Exit Wounds - J. A. Jance [85]
“You’re welcome, Jeannine,” Joanna murmured as she put down the phone.
“Who was that?” Butch asked. “Not an emergency, I hope.”
“No,” Joanna said. “Believe it or not, it was someone calling to say thank you.”
Joanna and Butch went to bed early that night. Butch went right to sleep. Joanna lay awake for a long time, thinking about what Jeannine Phillips had said and what she had left unspoken.
Having been saved from the thunder and lightning by Butch, Lady was ready to switch her loyalties. For the first time the dog curled up on Butch’s side of the bed rather than on Joanna’s, which made it easier the next morning when it was time for Joanna’s daily hand-over-mouth race to the bathroom.
“Didn’t take as long this morning,” Butch observed when she came into the kitchen for her single cup of tea.
“Maybe I’m getting used to it,” Joanna returned.
After breakfast, Butch and Joanna stopped by Cassie’s house to pick Jenny up and take her along to church. On the way into town Joanna was amazed to notice that less than twenty-four hours after that first drenching downpour, the long-bare stalks of ocotillo were already showing a hint of green as a new crop of round leaves poked out of what, for months, had seemed to be nothing more than a bundle of dried thorn-covered sticks. In another day, six-inch-long clumps of red tube-shaped flowers—the kind of flowers hummingbirds loved—would pop out along the top of each of those newly leafed branches.
“That’s why I love ocotillos so much,” Joanna said.
“Why’s that?”
“Because it takes so little rain and time for them to spring back to life. It always seems like a miracle to me.”
“I feel the same way about you,” Butch said.

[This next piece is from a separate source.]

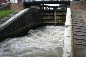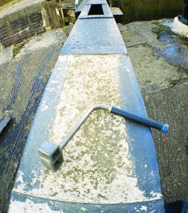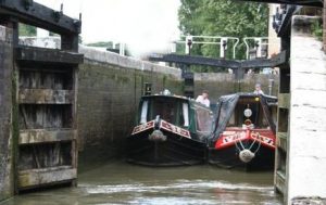 towards the lock. I strolled down to the top gate with the boys and saw that the lock was almost full and would not need much water let in before the gates would open. I put my windlass onto the gate paddle gear and showed Will and Justin how to set the ratchet so that it held up the rack and paddle as they were wound to open the water inlet and allow the lock to fill up. Once this was done, I pushed myself against one of the top gate balance beams and the gate began to open slowly. The boys cottoned on fast, ran over the footbridge to the other side of the lock and pushed against the other balance beam. Within a short time both gates were open and ready for the oncoming boat to steer into the lock chamber for its descent to the lower level of canal. Once the boat had entered the lock chamber the steerer called to us that there were in fact two boats and the other one was just behind them so they would wait until they arrived to ‘save water’ by going down the flight of locks together…
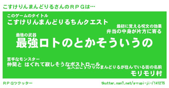 | 男性向けラノベタイトル風あだ名 | 『コスケリンマンドリルアートオンライン』 |

She smiled, took his hand, and squeezed it.
When they stepped out of the Subaru in the parking lot at Tombstone Canyon United Methodist Church, the sky overhead was a brilliant washed-clean azure with a few puffy white clouds perched on top of the surrounding red-and-gray hills. But with the onset of the rainy season, the humidity was also on the rise—so much for Arizona’s supposedly dry heat.
Church that morning was warm and awkward, too. Marliss Shackleford was there, front and center, along with her fiancé, Richard Voland, a man who had once been Joanna Brady’s chief deputy and whose resignation she had been forced to engineer and accept. Out of law enforcement, he now worked as one of Cochise County’s few private investigators.
Marliss Shackleford and Richard Voland had been engaged for some period of time with no hint of whether or when they would take the plunge and marry. During the time of sharing, however, Marliss ended all speculation by standing up and announcing that they had recited their marriage vows in a private ceremony on Saturday of the previous week and that the wedding cake to be served during the social hour after church would be part of an informal reception.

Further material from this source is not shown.